Anonymous Anonymous said...

Darwin predicted that life would be shown to have arisen by natural procesesses in some "warm little pond".

The demonstration of this has not been forthcoming.



Still Searching...

April 05, 2011 4:25 AM  
Blogger Kristine said...

Citation, Ninnymous?

Dembski predicted that evolutionary theory (which does not address abiogenesis, to which you are referring) will be dead in five years.

Who is going to laugh last, you or me? I predict me. That is why I have the confidence to sign my name to what I write! Too bad for you...

April 05, 2011 8:20 AM  
Blogger James F. McGrath said...

The question of the origin of life is a difficult one to answer. It is certainly true that the process that gave rise to it will be far more complex than Darwin is likely to have imagined. Because in Darwin's time, DNA and genetics were still in the future - and had yet to provide not only this additional information about the molecular level of biology, but also incredibly powerful confirmation of Darwin's main thesis. Because ultimately, evolution is not about how life arose, but how life once it exists developed. And there can be no serious doubt that the history of life on earth is an evolutionary one.
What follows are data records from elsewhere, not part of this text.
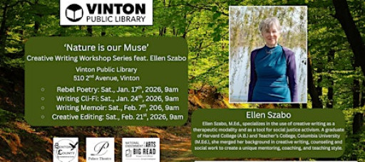 This event is part of Vinton's Big Read, a community-wide celebration of the arts and humanities. This project was supported in part by the National Endowment of the Arts, Arts Midwest, the Charles and Helen Yundt Charitable Foundation, and the Friends of the VInton Public Library in memory of George and Pauline Grovert.
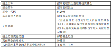 孙麓深离任招商稳旺混合
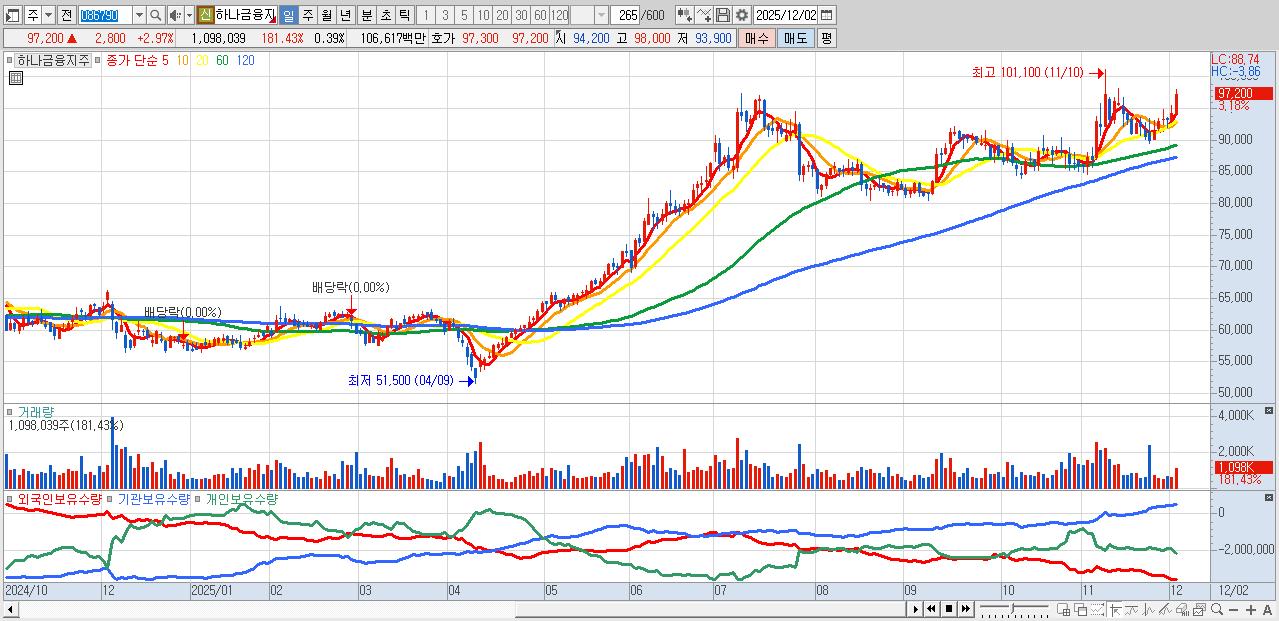 - 하나금융지주 (97,300원 ▲ 3.07% , 시총: 270,811억, 외국인 순매수 거래금:143억)

Darwin's reference in his 1871 letter to Joseph Hooker to a "warm little pond" is qualified by "ifs" and emphasis on the speculative nature of his thoughts on the matter. The origin of life question has yet to be given a satisfactory answer - which, it must be emphasized, does not mean that it cannot be at some point in the future, or that our inability to recreate a unique moment in the past provides a basis for appeal to the supernatural, or that Darwin's description of the development of life and the processes that are involved in it were not largely correct, simply because a separate issue about which he admitted he did not know the answer is one for which we still do not have the answer.

But I presume the reason you brought up this side issue was precisely to move focus away from all the things that Darwin got right. Is that what you are "still searching" for?!

April 05, 2011 9:28 AM  
Blogger Kristine said...

You nailed it as always, James. I hope that Ninnymous is not "searching" for a job in this same manner.